[Source records]
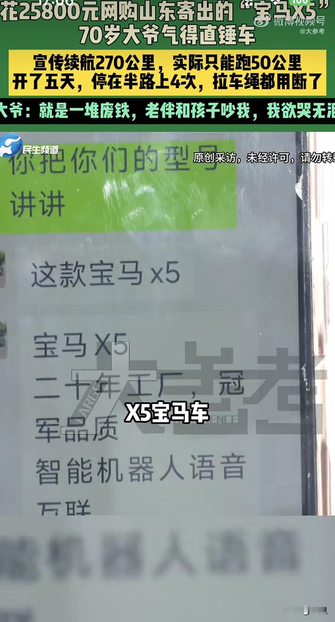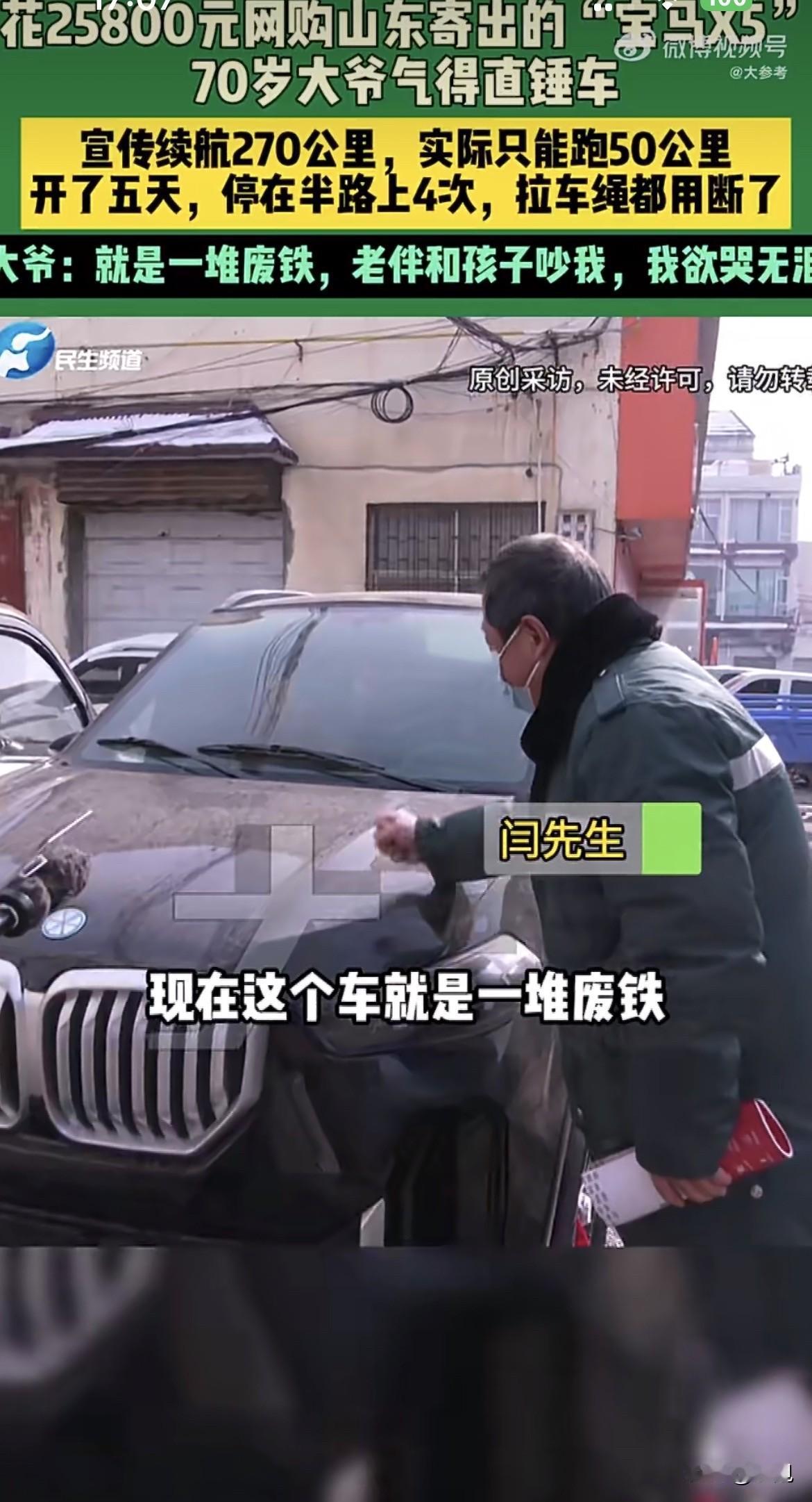 河南一位70岁大爷,花了两年五万八,从网上买了一台“宝马X5”。 车是从山东发来的。大爷心里想,这回可好了,能开着“宝马”出门了。可这高兴劲儿,从打开包装那一刻起,就一点点没了。 说好的能跑270公里。大爷开出去,跑到五十公里不到,车就不动了。头五天,整整在路上抛锚了四次。有一次叫了拖车,拖车绳挂在车上,一使劲,绳子都拉断了,车还在原地没动。 这哪是“宝马”,这就是一堆会跑的废铁。大爷气得用手直捶车。晚上回到家,老伴埋怨他乱花钱,子女也说他糊涂。老人心里憋屈,话都说不出来。 车开起来,那声音就跟拖拉机似的,轰轰响。打开前面机盖看看,里面电线乱七八糟,零件看着就单薄。那张证明车子合格的“合格证”,样子也不太对劲,让人怀疑是假的。 大爷想找卖车的人说理。发现那个网上的店铺已经关了,电话打过去,成了空号。人找不到了。两万五千八百块钱,对于一个农村老人来说,这不是个小数目,说没就没了。 现在,江苏徐州那边的市场监管部门说他们已经知道这事,开始调查了。但人都跑了,这钱能不能追回来,谁也不知道。 这事看起来是个简单的上当受骗,但里头有门道。这种车,在很多地方生产的时候,报备的名字根本不是“汽车”,而是“厂区代步车”。意思是只能在工厂、景区这种封闭地方开,根本不允许开到公共大马路上去。 但卖车的人不会跟你说这个。他们的话术,是专门琢磨过的。先是在直播间里,用特别低的价格,什么“三千块包邮到家”吸引你注意。等你上钩了,私下联系时就说那个特价车抢完了,转而推荐更贵的车型,卖到两三万。 他们会给你看别人转账的记录、发货的视频,让你觉得他们很可靠。最关键的一步,是让你别在正规交易平台付款,而是通过微信、支付宝直接转钱给他们。钱一转,他们就消失了,你想找平台投诉都没门路。 他们敢这么卖,就是摸准了几个心思。很多老人住在乡下,觉得地方偏,交警管不到,可以偷偷开。老人也想要个遮风挡雨的四轮车,但正规的电动汽车太贵,也复杂,这种车看着像名牌,又便宜,正好戳中心思。 更危险的是车本身。这种小作坊拼装出来的车,电池是虚标的,电机是劣质的,车身铁皮薄得像罐头。开着开着突然断电、刹车失灵是常事。新闻里就发生过这种车溜坡差点出大事的情况。它没有经过任何碰撞安全测试,开上路,对自己对别人都是个炸弹。 现在很多地方,比如湖北恩施、内蒙古乌海,已经开始严格整治这种车辆,禁止它们上路,查到要罚款。意味着就算你咬牙把车修好了,也可能根本不能合法开出去。 到最后,老人攒下的钱打了水漂,买回一个全家埋怨、天天堵心的铁疙瘩,还可能面临罚款。骗子的直播账号封一个,他们换一个地方又能重来。 这件事,你怎么看?如果你家老人也想买这种车,你会怎么劝他?
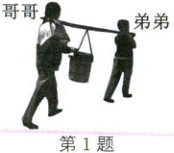 1. (2025·扬州)如图是兄弟二人抬水的场景,扁担相当于杠杆,若以哥哥的肩为支点,弟弟对扁担的作用力是动力,哥哥将水桶悬挂点向自己移动一段距离,动力臂
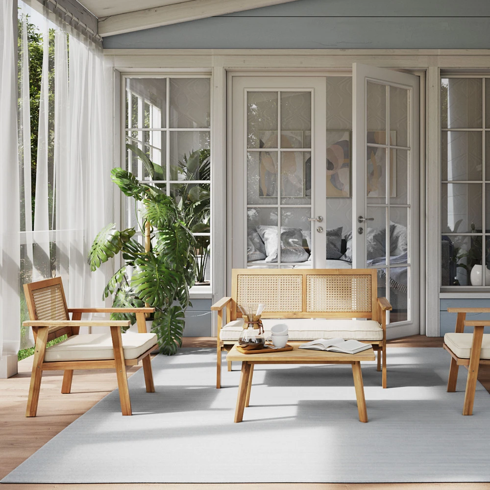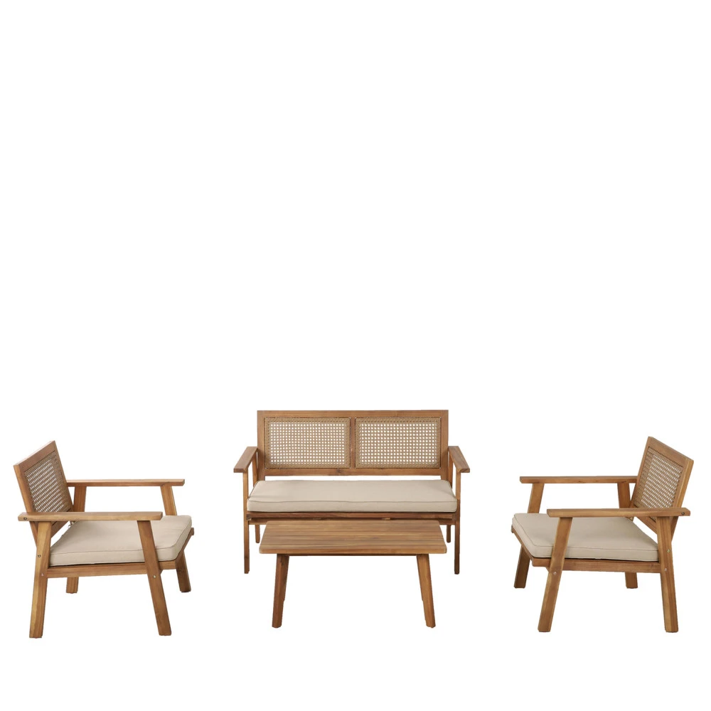 Le charme de ce salon de jardin tient en grande partie au mariage du bois massif d’acacia FSC et du cannage pour un rendu profondément bohème et naturel qui se mariera parfaitement avec la verdure de votre jardin. Les coussins positionnés sur les assises garantissent le confort des occupants grâce à leurs 5 cm d’épaisseur. Réalisés en tissu polyester déperlant et entièrement déhoussables, ils sont également faciles à entretenir.
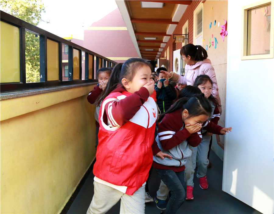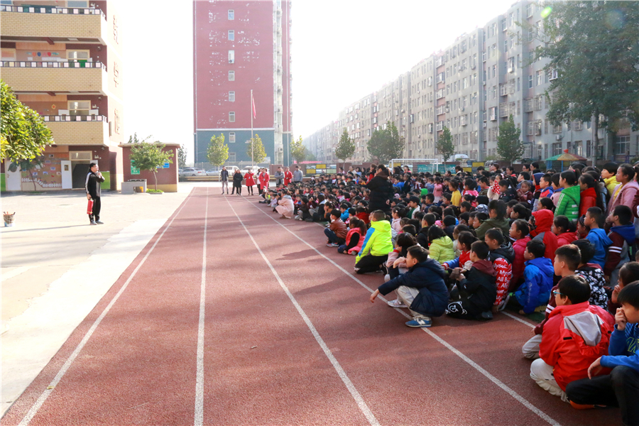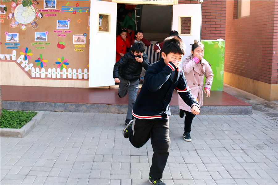 消防記心間 火警電話“119”,發(fā)生火災不亂走。 心不慌、意不亂,按照順序慢疏散。 濕毛巾,捂口鼻,身體前屈頭鄰地..... 11月9日是國家消防安全日,石家莊陽光未來國際小學真實模擬火災現(xiàn)場,開展消防疏散演練活動,讓孩子們在實踐中習得防火知識,增強消防安全意識。 有序 安全第一,確保有序,孩子們列隊整齊,在老師的帶領下,井然有序地排隊下樓。
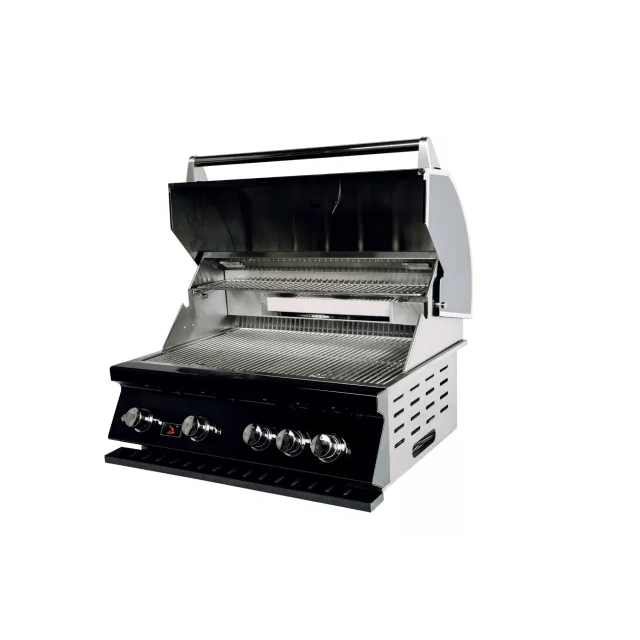 The Bonfire Outdoor Black Series 34" 4-Burner Built-In Grill is crafted from high-grade 304 stainless steel for superior strength and durability. Experience professional 4-burner cooking, with an infrared rear burner providing even heat distribution. Laser-cutting technology ensures a perfect shape every time. Enjoy reliable grilling every time.
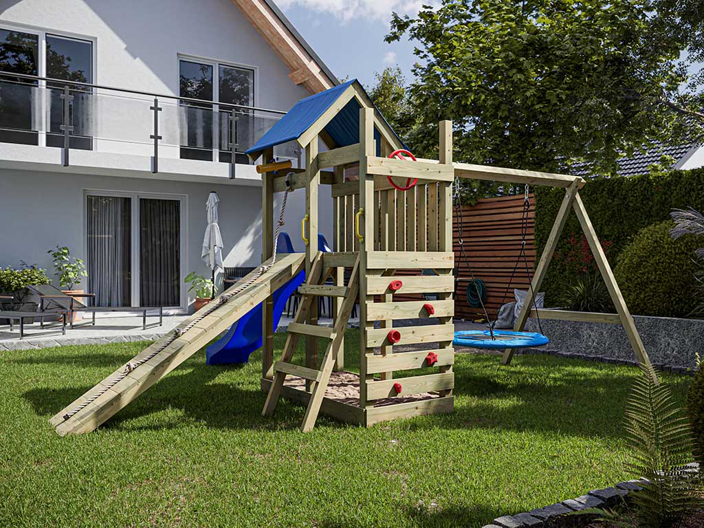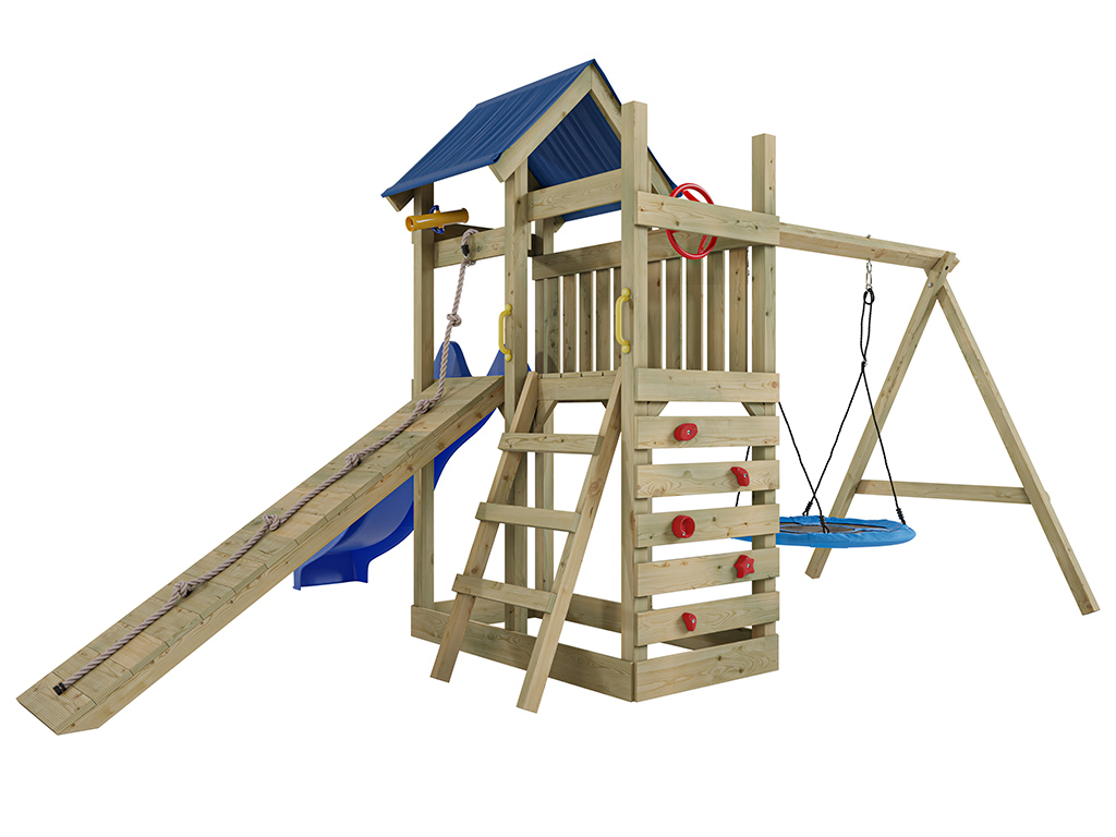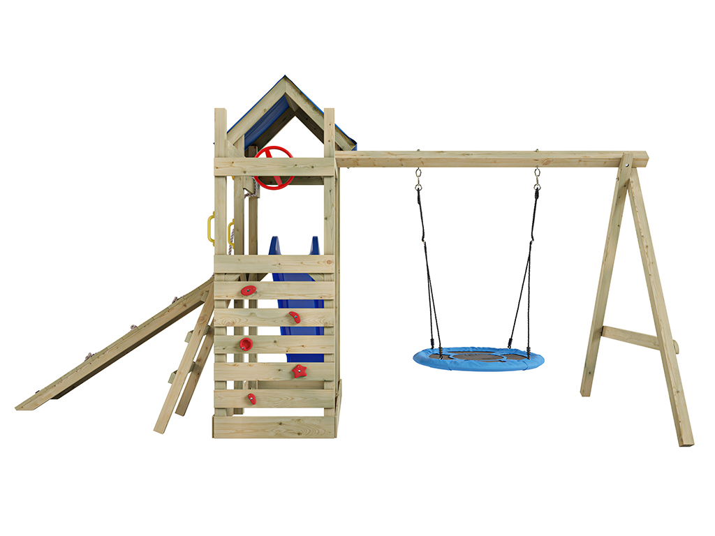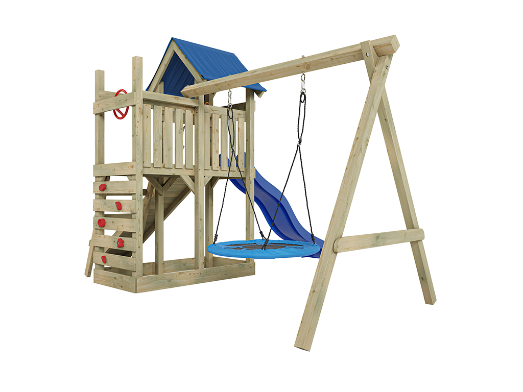 Material: Holz, B x T x H: 481 x 486 x 258 cm, inkl. Kletterwand, inkl. Rutsche blau + Nestschaukel
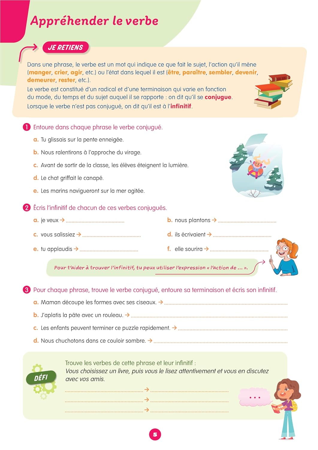 Un cahier d’exercice à destination des enfants de CM1 pour apprendre à conjuguer au présent, à l'imparfait, au futur, au passé composé, au plus-que-parfait et ne plus jamais se tromper !
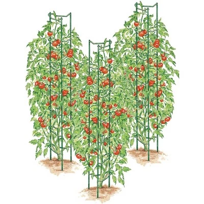 If you have a really big tomato crop this year, will your plant supports be able to handle the load? Our exclusive Tomato Ladders are the sturdiest you can buy, because they๏ฟฝre made with 7mm steel uprights โ 20% thicker than others on the market! They๏ฟฝll last season after season too, thanks to a weatherproof powder coating. Best of all, our Tomato Ladders are better for your plants. The rounded-V shape protects plants from wind and accidental breakage. The seven cradle-shaped cross-members give multiple places for vines to rest, and make it easy to set the ladders into the ground. Tomato Ladders will make the most of your garden space, reduce pests and disease, and give you a bigger harvest of juicy, unblemished fruit โ guaranteed!
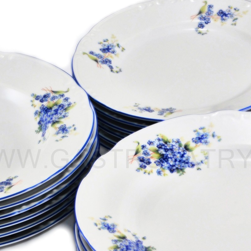 CONSTANCE nezábudka modrá linka tanierová súprava - 18 dielov. je vhodná do mikrovlnnej rúry a umývačky riadu.
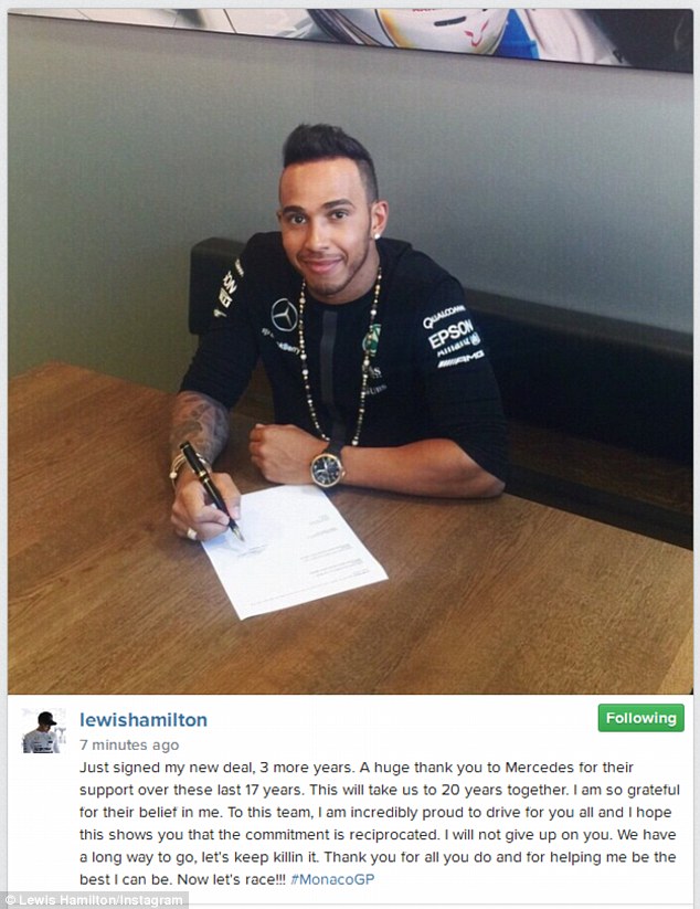 这个消息于当地时间5月20日(星期三)在号称“F1世界冠军的避税天堂”的摩纳哥公布,这周日的F1大奖赛也将在这里举行。汉密尔顿的这份高薪合同给了他相对宽松的个人商业价值自主权,这意味着他的收入还会翻倍,这仅仅是他成为未来的超级富豪的开始。他身上已经有一份瑞士制表商IWC万国表的代言,他还单独与奔驰车师签了一份广告。

Task directions:
Word for word, repeat the lines above from the one with "1. (2025·扬州)如图" through the one with "Material: Holz, B", and nothing beyond them. Omit the pictures.

Reply:
 1. (2025·扬州)如图是兄弟二人抬水的场景,扁担相当于杠杆,若以哥哥的肩为支点,弟弟对扁担的作用力是动力,哥哥将水桶悬挂点向自己移动一段距离,动力臂
 Le charme de ce salon de jardin tient en grande partie au mariage du bois massif d’acacia FSC et du cannage pour un rendu profondément bohème et naturel qui se mariera parfaitement avec la verdure de votre jardin. Les coussins positionnés sur les assises garantissent le confort des occupants grâce à leurs 5 cm d’épaisseur. Réalisés en tissu polyester déperlant et entièrement déhoussables, ils sont également faciles à entretenir.
 消防記心間 火警電話“119”,發(fā)生火災不亂走。 心不慌、意不亂,按照順序慢疏散。 濕毛巾,捂口鼻,身體前屈頭鄰地..... 11月9日是國家消防安全日,石家莊陽光未來國際小學真實模擬火災現(xiàn)場,開展消防疏散演練活動,讓孩子們在實踐中習得防火知識,增強消防安全意識。 有序 安全第一,確保有序,孩子們列隊整齊,在老師的帶領下,井然有序地排隊下樓。
 The Bonfire Outdoor Black Series 34" 4-Burner Built-In Grill is crafted from high-grade 304 stainless steel for superior strength and durability. Experience professional 4-burner cooking, with an infrared rear burner providing even heat distribution. Laser-cutting technology ensures a perfect shape every time. Enjoy reliable grilling every time.
 Material: Holz, B x T x H: 481 x 486 x 258 cm, inkl. Kletterwand, inkl. Rutsche blau + Nestschaukel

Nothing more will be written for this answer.